Suggestion is recommended as an aid in rearing children,...

Post-Dispatch

Suggestion is recommended as an aid in rearing children, in an article appearing in your columns, and associates it with Christian Science in such a way as to lead any one not understanding the difference into believing that they are similar, whereas suggestion is the very antithesis of Christian Science, and should never be classified therewith. Indeed, suggestion, and all other hypnotic methods, are specifically forbidden in the practice of Christian Science; and referring to this question of the exercise of the human will, or suggestion, on page 144 of her work, "Science and Health with Key to the Scriptures," the textbook of Christian Science, Mary Baker Eddy states that "its use is to be condemned." In the same paragraph she further writes: "Human will-power may infringe the rights of man. It produces evil continually, and is not a factor in the realism of being."

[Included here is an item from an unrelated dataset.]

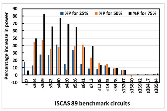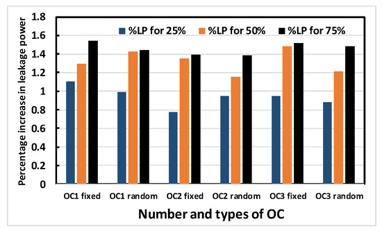 Figure 11) show the percentage increase in area, delay, leakage power and total power for obfuscating different ISCAS 89 benchmark circuits using 3 different OCs randomly chosen to obfuscate 25%, 50% and 75% of the modifiable nodes, respectively.
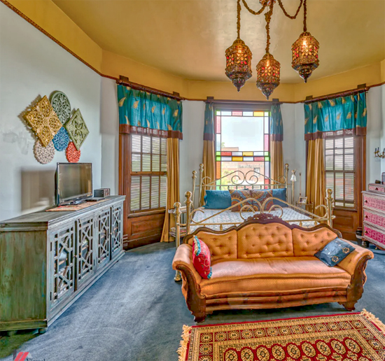 The decorative Victorian Logan Mansion has great street appeal with its lovely design features, including an upstairs Romeo and Juliet Balcony…

In all modes of suggestion or hypnotism the attempt is made to substitute one human belief for another, or impose the operator's will on the subject; and, if not opposed and nullified, this practice eventually undermines individuality and initiative, causing mental, moral, and physical harm. Christian Science, on the other hand, maintains individuality, unfolding to human apprehension the naturalness of good and the spiritual nature of intelligence; not through suggestion, but through establishing or awakening in consciousness the fact of God, Mind, as the one divine, supreme, governing, and directing intelligence, or Soul, and man, in God's likeness, as ever reflecting this intelligence, or Mind. On page 375 of Science and Health we find the following: "The Christian Scientist demonstrates that divine Mind heals, while the hypnotist dispossesses the patient of his individuality in order to control him;" and Jesus found it necessary to make this very distinction between his method of healing and that attributed to him. When it was stated that he was healing the sick through "the prince of the devils" (suggestion, hypnotism), he repudiated the accusation, stating that he "cast out devils" through the "Spirit of God," and that as a result the kingdom of God was manifested to those to whom he ministered. The kingdom of God comes not through suggestion, but through spiritual understanding. Christ Jesus' metaphysical system of therapeutics and ethics was wholly spiritual, excluded the human or carnal mind as a factor in his healing and regenerative mission, and was incapable of producing other than salutary results, and the Christ-method is the method of Christian Science; they are identical, having nothing in common with any suggestive methods or systems. "For a good tree bringeth not forth corrupt fruit; neither doth a corrupt tree bring forth good fruit."